A job collection is a set of mutually independent jobs that is submitted, monitored and controlled as a single request. A good reason for using job collections is that the sub-jobs have common input files. The WMS allows for sharing and inheriting sandboxes. This means that a only single copy of each file will be transferred even when it is used in many sub-jobs.

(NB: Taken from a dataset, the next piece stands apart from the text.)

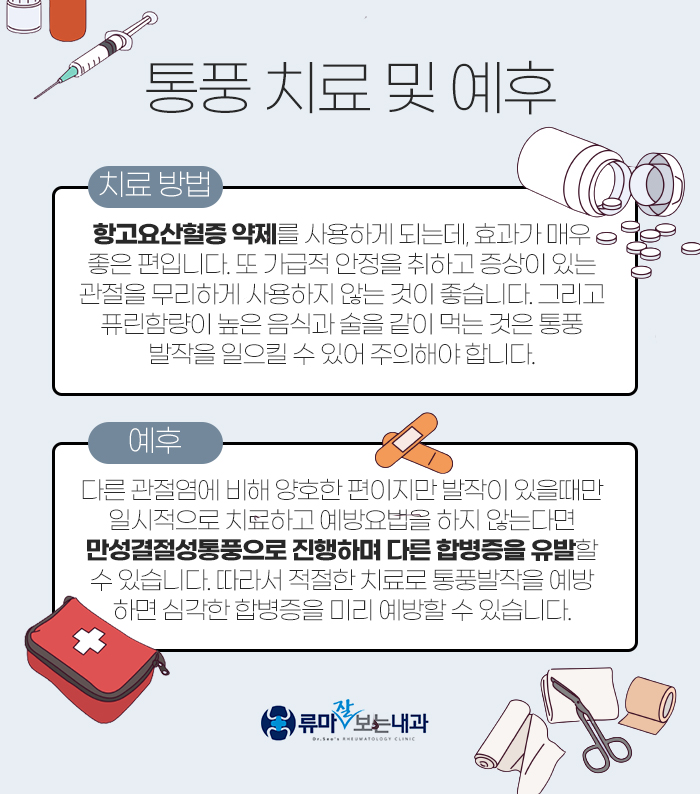 또 통풍의 예후가 다른 관절염과 비교했을 때 양호한 편인데요. 하지만 증상이 있을때만 일시적으로 치료를 받고 평소 제대로 관리하지 않는다면 결국 만성결절성통풍으로 발전하게 된답니다. 그리고 이렇게 만성결절성통풍으로 발전하게 되면 여러 합병증을 유발하게 될 수 있는데요. 반대로 적절하게 치료를 하는데 도움을 받으면서 통풍 증상이 나타나는 것을 예방하게 된다면 심각한 합병증이 발생하는 것 역시 미리 예방하는데 도움을 받아보실 수 있습니다.

GOOD PRACTICE: As it may happen that jobs fail, throwing enormous amounts of jobs into a job collection make it a tedious activity to manage those that failed. At the same we have experienced some subsystems to choke as a result of 1000+ jobs. So start small. Begin with 50 and eventually scale it up. |
Example Job Collection
$ cat collection_ex.jdl [ Type = "collection"; InputSandbox = { "input_common1.txt", "input_common2.txt" }; nodes = { [ JobType = "Normal"; NodeName = "node1"; Executable = "/bin/sh"; Arguments = "script_node1.sh"; InputSandbox = {"script_node1.sh", root.InputSandbox[0] }; StdOutput = "myoutput1"; StdError = "myerror1"; OutputSandbox = {"myoutput1","myerror1"}; ShallowRetryCount = 1; ],[ JobType = "Normal"; NodeName = "node2"; Executable = "/bin/sh"; InputSandbox = {"script_node2.sh", root.InputSandbox[1] }; Arguments = "script_node2.sh"; StdOutput = "myoutput2"; StdError = "myerror2"; OutputSandbox = {"myoutput2","myerror2"}; ShallowRetryCount = 1; ],[ JobType = "Normal"; NodeName = "node3"; Executable = "/bin/cat"; InputSandbox = {root.InputSandbox}; Arguments = "*.txt"; StdOutput = "myoutput3"; StdError = "myerror3"; OutputSandbox = {"myoutput3","myerror3"}; ShallowRetryCount = 1; ] }; ]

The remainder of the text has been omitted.